NOTE D - SUBSEQUENT EVENTS
Acquisition of SGVB
On July 1, 2000, IndyMac completed its merger with SGVB. SGVB was the parent of
First Federal Savings and Loan Association of San Gabriel Valley. As of the date
of merger, SGVB had assets of $490.8 million, deposits of $355.7 million, and
stockholders' equity of $37.5 million. IndyMac paid $25.00 per share, or $59.5
million, for all of the SGVB shares outstanding and subject to option. Goodwill
and core deposit intangible asset totaling $37.8 million were recorded as of the
date of acquisition, using the purchase method of accounting. The goodwill will
be amortized using the straight-line method of amortization over a period of 20
years.
8
<PAGE>
The operating results for SGVB and the Company as though SGVB was purchased
at the beginning of the respective periods follow:
(Dollars in thousands)
<TABLE>
<CAPTION>
Six months ended June 30,
2000 1999 (1)
------ --------
<S> <C> <C>
Net revenues
Company $151,282 $127,128
SGVB 8,161 6,989
Combined 159,443 134,117
Net earnings
Company $ 72,154 $ 26,581
SGVB 966 1,358
Combined 73,120 27,939
Diluted earnings per share $0.99 $0.35
</TABLE>
(1) IndyMac's balances presented on a pro forma basis to give effect to the
change in the Company's structure to a fully taxable entity and the buyout
of the minority interest in IndyMac, Inc. effective January of 2000.
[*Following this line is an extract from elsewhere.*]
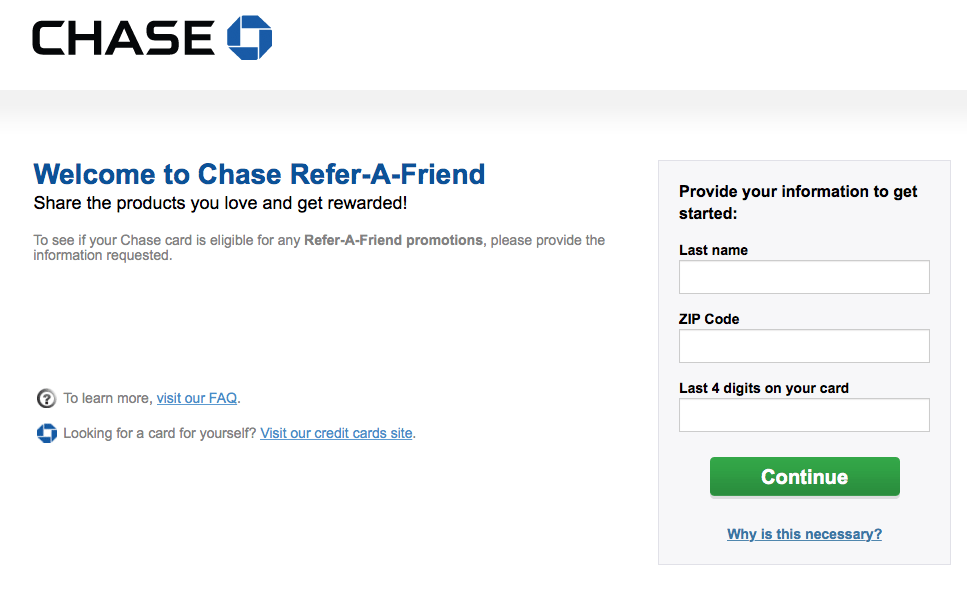 Chase Credit Card Referral - Share Your Chase Card Referral Links to Earn Extra - One Cent At A Time. A credit card referral bonus is an incentive that credit card issuers offer to cardholders for inviting their friends to apply for a card. Chase offers a referral bonus across many of its cards. Be sure to check often because referral promotions change from time to time. If you are a current chase credit card member with any of the following credit cards, you can qualify to earn extra bonus rewards from chase for. Chase's broad suite of credit cards make it a popular choice among cardholders.

Acquisition of PNB Mortgage
In August of 2000, the Company announced that it signed a definitive agreement
to acquire certain assets and operations of PNB Mortgage ("PNB"), a wholesale
loan originator owned by U.S. Bancorp that specializes in FHA and VA mortgage
lending. Management believes this acquisition will provide IndyMac with the
ability to expand its mortgage services to the FHA and VA market. The Company
will acquire PNB's loans and certain other assets in a cash purchase transaction
for fair market value, as defined in the asset purchase agreement. The
acquisition includes approximately $48 million of mortgage loans and certain
non-mortgage assets, and will generate approximately $600,000 of goodwill.
IndyMac expects to complete the transaction by the end of the third quarter of
2000.
9
<PAGE>
ITEM 2. MANAGEMENT'S DISCUSSION AND ANALYSIS OF FINANCIAL CONDITION AND
------------------------------------------------------------------------
RESULTS OF OPERATIONS
---------------------
GENERAL
IndyMac Bancorp, Inc., formerly known as IndyMac Mortgage Holdings, Inc.
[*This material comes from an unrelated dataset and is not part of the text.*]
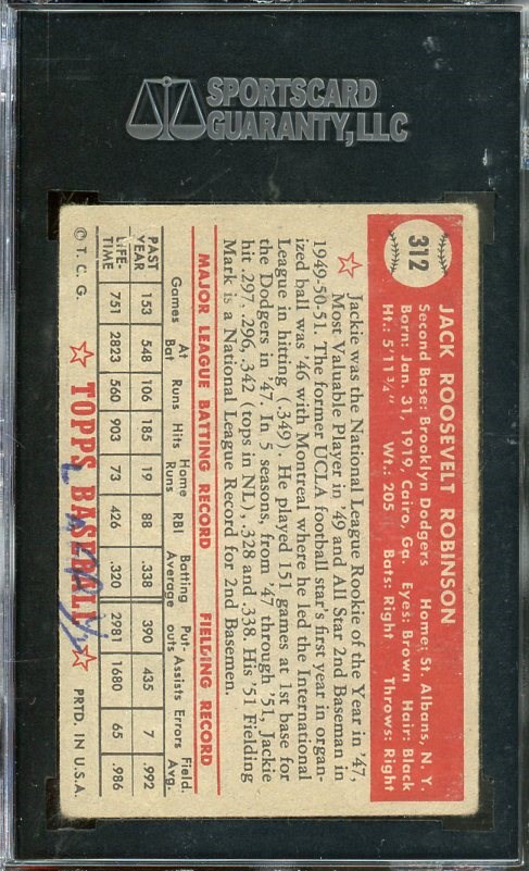 Lot # 5: 1952 Topps Jackie Robinson #312 SGC FAIR 1.5

("IndyMac"), conducts a diversified mortgage banking business, manages an
investment portfolio, and offers commercial lending products including builder
construction loans and warehouse lines of credit. References to "IndyMac" refer
to the parent company alone, while references to the "Company" mean the parent
company and its consolidated subsidiaries.
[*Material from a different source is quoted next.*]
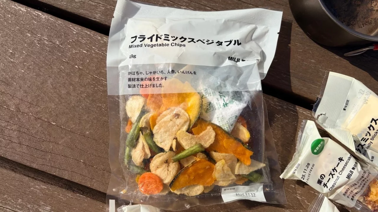 七つ目は「フライドミックスベジタブル」。かぼちゃ、にんじん、ジャガイモ、いんげんなどの野菜をサクサクの食感に仕上げたスナックです。軽くてかさばらず、行動食の合間に"野菜の甘み"を感じられるのが魅力。脂っこさが少なく、登山中でも食べやすいのが特徴です。見た目にも彩りがあり、気分を上げてくれるのも嬉しいポイント。栄養バランスを意識したい方にもおすすめで、塩味が控えめなため、甘い系の行動食との組み合わせも良好です。ポテトチップスのようなスナック感覚で、手軽に野菜を摂れるのはうれしいですよね。山頂でコーヒーやお茶と一緒に食べれば、ちょっとしたピクニック気分に。登山の合間に気分をほぐしてくれる、やさしい味わいのスナックです。

Through December 31, 1999, IndyMac elected to be taxed as a real estate
investment trust ("REIT") under the Internal Revenue Code of 1986, as amended
(the "Code"). As a result of this election, IndyMac was not, with certain
limited exceptions, taxed at the corporate level on the net income distributed
to IndyMac's shareholders. On December 14, 1999, the shareholders of IndyMac
approved the conversion of IndyMac from a REIT to a fully taxable entity,
effective January of 2000. As a fully taxable entity, IndyMac is no longer
required to distribute 95% of its taxable income to its shareholders, but is
taxed on its earnings based on currently enacted tax rates. IndyMac no longer
pays a dividend and payment of future dividends is subject to declaration by
IndyMac's Board of Directors.
On July 1, 2000, IndyMac completed its merger (the "merger") with SGV Bancorp,
Inc., ("SGVB"). SGVB was the parent of First Federal Savings and Loan
Association of San Gabriel Valley (the "thrift"). As of the date of the merger,
SGVB had assets of $490.8 million, deposits of $355.7 million, and stockholders'
equity of $37.5 million. IndyMac paid $25.00 per share, or $59.5 million, for
all of the SGVB shares outstanding and subject to option. The merger represents
the culmination of IndyMac's transition to a growth oriented, technology driven
consumer depository institution. Substantially all of the assets and operations
of IndyMac and its subsidiaries are being contributed into the Thrift, which is
now a wholly owned subsidiary of IndyMac and is known as IndyMac Bank. With more
than $5 billion in assets, IndyMac Bank is the ninth largest consumer depository
institution (in terms of assets) headquartered in California.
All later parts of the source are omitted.